- [Data extract]
§ §
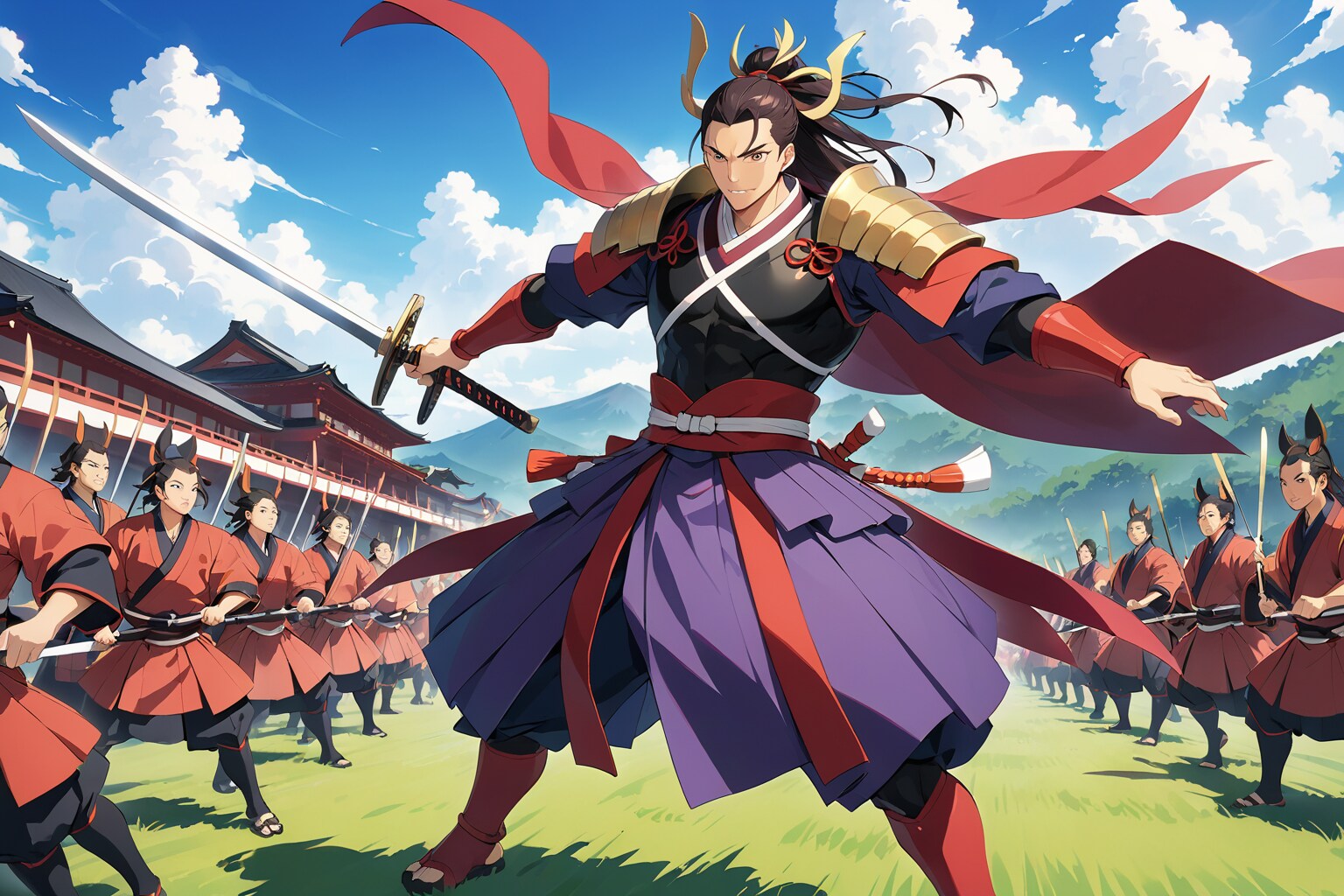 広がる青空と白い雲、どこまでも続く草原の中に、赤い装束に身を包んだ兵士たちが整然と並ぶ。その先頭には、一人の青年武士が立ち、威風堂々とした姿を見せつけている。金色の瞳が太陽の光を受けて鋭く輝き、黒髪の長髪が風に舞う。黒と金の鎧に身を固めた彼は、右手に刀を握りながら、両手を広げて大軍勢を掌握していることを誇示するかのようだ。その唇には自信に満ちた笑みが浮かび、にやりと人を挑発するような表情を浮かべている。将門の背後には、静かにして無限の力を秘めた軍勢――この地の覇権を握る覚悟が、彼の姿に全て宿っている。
§ §
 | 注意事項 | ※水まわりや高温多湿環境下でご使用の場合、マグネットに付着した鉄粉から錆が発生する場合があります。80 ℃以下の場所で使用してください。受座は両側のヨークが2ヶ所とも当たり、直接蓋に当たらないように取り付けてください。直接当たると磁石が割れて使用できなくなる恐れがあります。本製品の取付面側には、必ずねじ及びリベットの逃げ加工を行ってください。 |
§ §
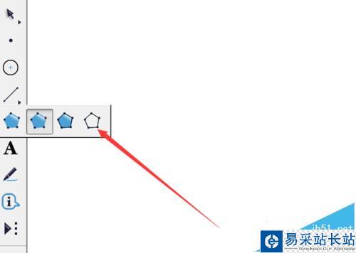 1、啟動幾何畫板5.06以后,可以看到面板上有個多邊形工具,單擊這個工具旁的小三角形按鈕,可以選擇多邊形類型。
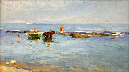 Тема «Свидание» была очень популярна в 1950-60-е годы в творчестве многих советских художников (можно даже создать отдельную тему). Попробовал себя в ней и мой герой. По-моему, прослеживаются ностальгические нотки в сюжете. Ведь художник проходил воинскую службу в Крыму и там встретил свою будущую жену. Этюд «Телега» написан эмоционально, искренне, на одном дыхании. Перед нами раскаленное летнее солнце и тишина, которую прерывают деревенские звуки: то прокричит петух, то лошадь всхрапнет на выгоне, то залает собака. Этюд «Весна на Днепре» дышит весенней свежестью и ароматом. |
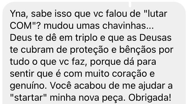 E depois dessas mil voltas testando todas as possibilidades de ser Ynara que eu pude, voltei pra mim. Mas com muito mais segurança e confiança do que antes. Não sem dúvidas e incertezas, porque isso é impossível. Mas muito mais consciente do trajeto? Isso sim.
§ §
- [Exercise details]
Print everything from the line with "1、啟動幾何畫板5.06以后" down to the line with "E depois dessas" in the entries above, both lines included and nothing more, without the pictures.

- [Answer to the exercise]
 1、啟動幾何畫板5.06以后,可以看到面板上有個多邊形工具,單擊這個工具旁的小三角形按鈕,可以選擇多邊形類型。
 Тема «Свидание» была очень популярна в 1950-60-е годы в творчестве многих советских художников (можно даже создать отдельную тему). Попробовал себя в ней и мой герой. По-моему, прослеживаются ностальгические нотки в сюжете. Ведь художник проходил воинскую службу в Крыму и там встретил свою будущую жену. Этюд «Телега» написан эмоционально, искренне, на одном дыхании. Перед нами раскаленное летнее солнце и тишина, которую прерывают деревенские звуки: то прокричит петух, то лошадь всхрапнет на выгоне, то залает собака. Этюд «Весна на Днепре» дышит весенней свежестью и ароматом. |
 E depois dessas mil voltas testando todas as possibilidades de ser Ynara que eu pude, voltei pra mim. Mas com muito mais segurança e confiança do que antes. Não sem dúvidas e incertezas, porque isso é impossível. Mas muito mais consciente do trajeto? Isso sim.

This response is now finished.